Consider these six views of an apple:

  1. The ancient Chinese philosopher Lao-Tse saw an apple hanging from a branch and was reported to have said — “Let it ripen and let it fall.” He would perceive the essence of all human existence with an unflinching eye.
  2. A hungry hiker gazing upon the apple would see a free snack. Maybe it was planted by Johnny Appleseed for famished wayfarers.
  3. A local journalist might scribble some snappy free associations for an autumn “local color” piece for the Sunday paper or a blog entry: Apple of my eye, An apple a day keeps the doctor away, etc.
  4. An 18th century Eastern European rabbi might see the fruit and coin a catchy proverb for his congregation: “To a worm in an apple, the whole world is an apple.” The same insight also apparently applies to horseradishes.
  5. A natural scientist wandering by would probably want to know the Latin name of this particular tree, how old it is, and if the roots are shallow or go deep.
  6. An economist or business person might survey the unblemished apple and start posing these hard-headed questions:

    Can the tree pay for itself? Is it worth investing in fertilizer, pruning, insecticide? Is it worth the effort and money to grow certified “organic” fruit? Does it make more sense to cut it down and mill it into boards for high-priced apple wood tables, chairs, and cupboards?
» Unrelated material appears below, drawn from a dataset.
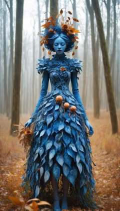<lora:xl-shanbailing-1103Wood elements-bailong plant girl:0.8>,bailong plant girl,(1girl:1.1),a girl made out of dead blue plants,in the outdoor forest,in autumn,

    With oil at well over a $130.00 per barrel, is firewood a better bet than fruit? Can the digital photo of the apple be sold to a stock photo company and then marketed to art directors worldwide?

    Can it be pressed into cider or made into apple sauce and put into glass bottles or cute plastic cups with eye-catching graphic labels that proclaims to the world that this is “Bob’s Best Old Tymie Natural Apple Sauce: Good for the Stomach & Spirit & Planet.”

Who we are and what we do in life determines so much of how we see an apple…or the world.

It is inherently difficult to believe that what we see is not what others see. And, of course, we are entitled to the first and biggest bite!